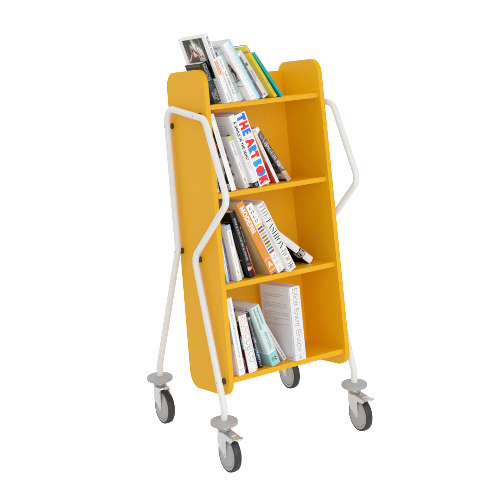 Ergonomic, user-friendly, single-sided book trolley with 4 shelves. Generous amount of clearance between shelves to accommodate larger books.
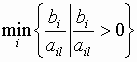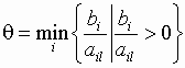 Выбор разрешающего элемента. Если при поиске минимума в строке целевой функции есть коэффициенты больше нуля, то выбираем столбец с положительным коэффициентом в строке целевой функции в качестве разрешающего. Пусть это столбец с номером l.
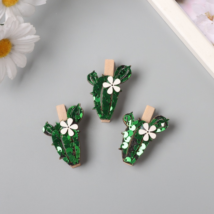 Декор для творчества дерево «Прищепка. Кактус с цветком», пайетки, набор 3 шт., 1.5×4×4.8 см
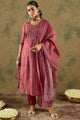Dhiyona IE Floral Printed Thread Work Chanderi Silk Straight Kurta with Trouser & Dupatta
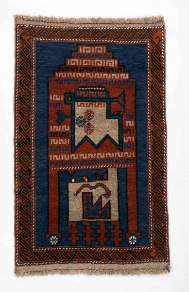 A handful of the rugs on view incorporate more than Western motifs, employing Western visual conventions of perspective as well, and one particularly striking example employs the multiple parallel images of much international television news, complete with texts running along the bottom. Despite the many unanswered questions about these war rugs, they unquestionably testify to the state of war as an ongoing feature of Afghan life, to the persistence of tribal craft traditions, the flexibility of craftsmen who produce goods for trade and the role of trade in intercultural contacts; most of all, they reflect a population of uneducated women who can produce such labor-intensive products for such low prices. When universal education becomes standard in Afghan communities, it may be the end of the production of hand-made rugs. But the women will certainly celebrate the beating of tanks into tractors and guns into pruning hooks, when, as Issiah foretold, nation will not take up arms against nation, neither will they train for war anymore.
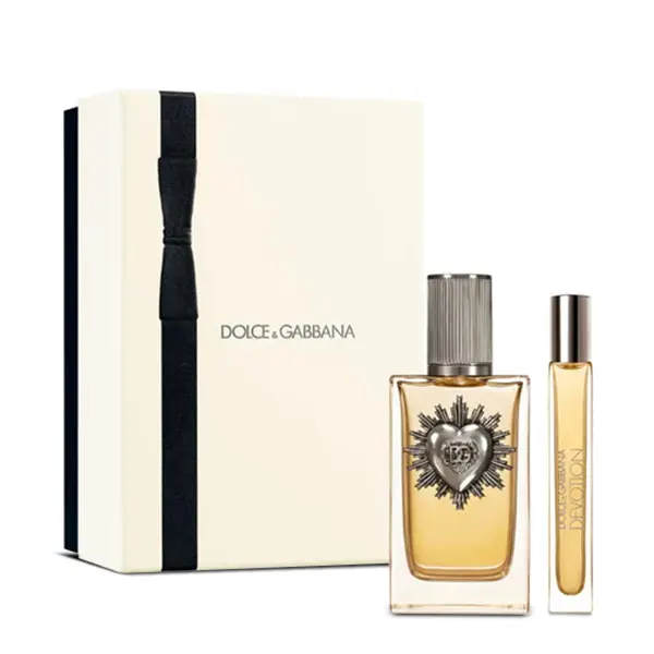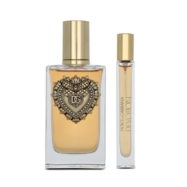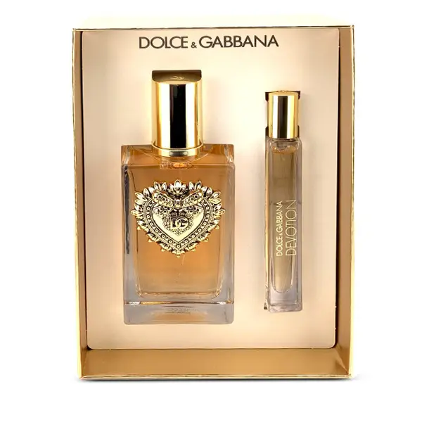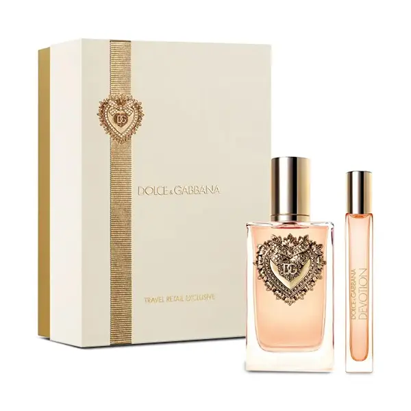 Dolce & Gabbana Devotion Eau de Parfum is a luminous, sensual scent that radiates warmth and positivity. It opens with vibrant candied citrus notes before blooming into a creamy, floral heart of orange blossom. The base reveals a delectable fusion of Madagascar vanilla and musk — a signature gourmand finish that feels both modern and timeless. Packaged in a stunning gold-embellished heart bottle, this set embodies pure luxury and devotion.
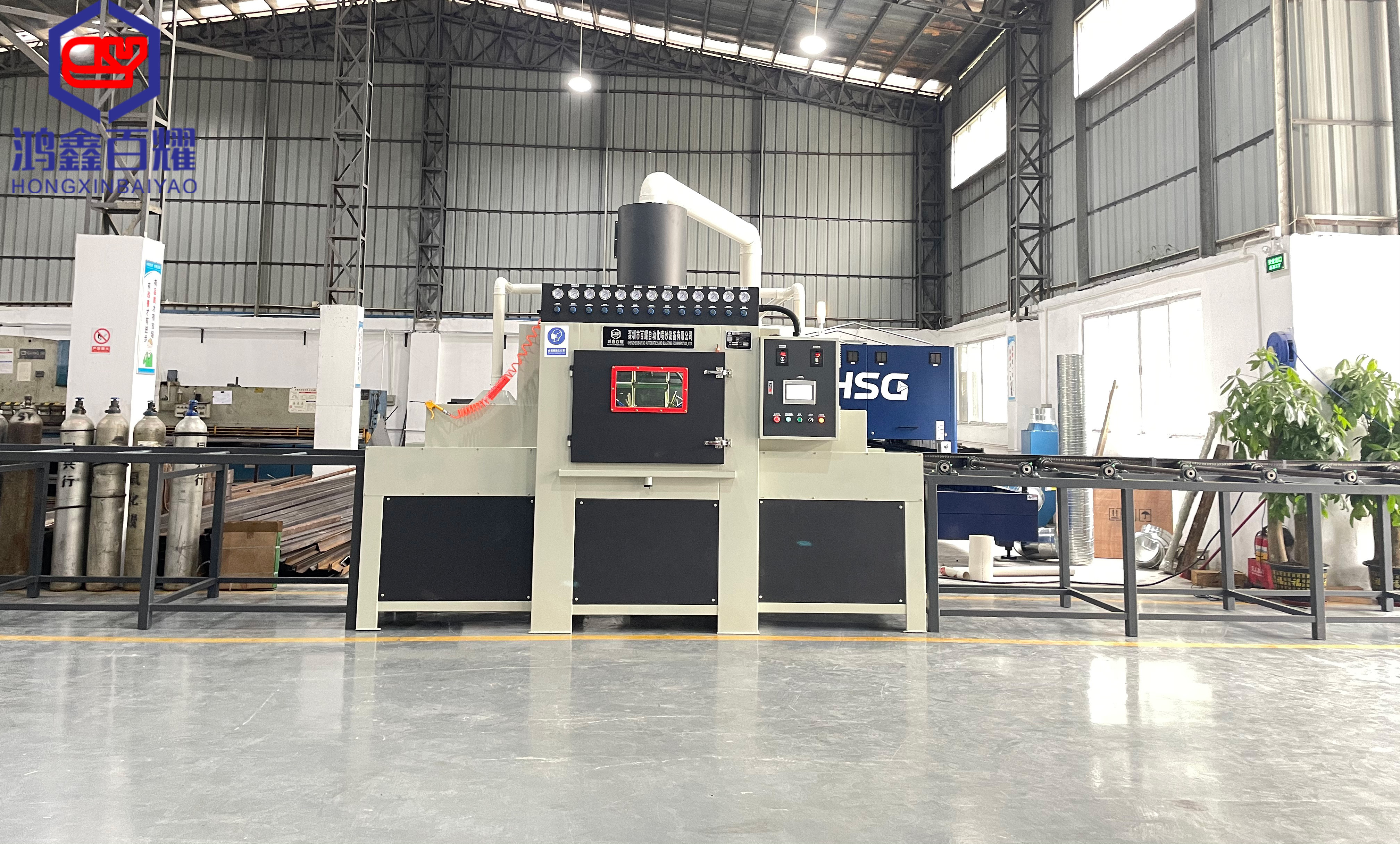 4. 适配场景与工件:常用于建材、机械、五金等行业,比如长钢管、角钢、槽钢等型材,以及超长不锈钢板材、玻璃钢板、大型装饰型材等;也适合不粘锅烤盘、长条形通讯器材外壳等批量长线生产的工件,能对接后续涂装、装配工序实现连续化生产线作业。

————

Required action: Could you reproduce exactly, and only, the lines from the start of the records through the line containing "Dhiyona IE Floral", leaving out the pictures?

Response to the exercise:
 Ergonomic, user-friendly, single-sided book trolley with 4 shelves. Generous amount of clearance between shelves to accommodate larger books.
 Выбор разрешающего элемента. Если при поиске минимума в строке целевой функции есть коэффициенты больше нуля, то выбираем столбец с положительным коэффициентом в строке целевой функции в качестве разрешающего. Пусть это столбец с номером l.
 Декор для творчества дерево «Прищепка. Кактус с цветком», пайетки, набор 3 шт., 1.5×4×4.8 см
Dhiyona IE Floral Printed Thread Work Chanderi Silk Straight Kurta with Trouser & Dupatta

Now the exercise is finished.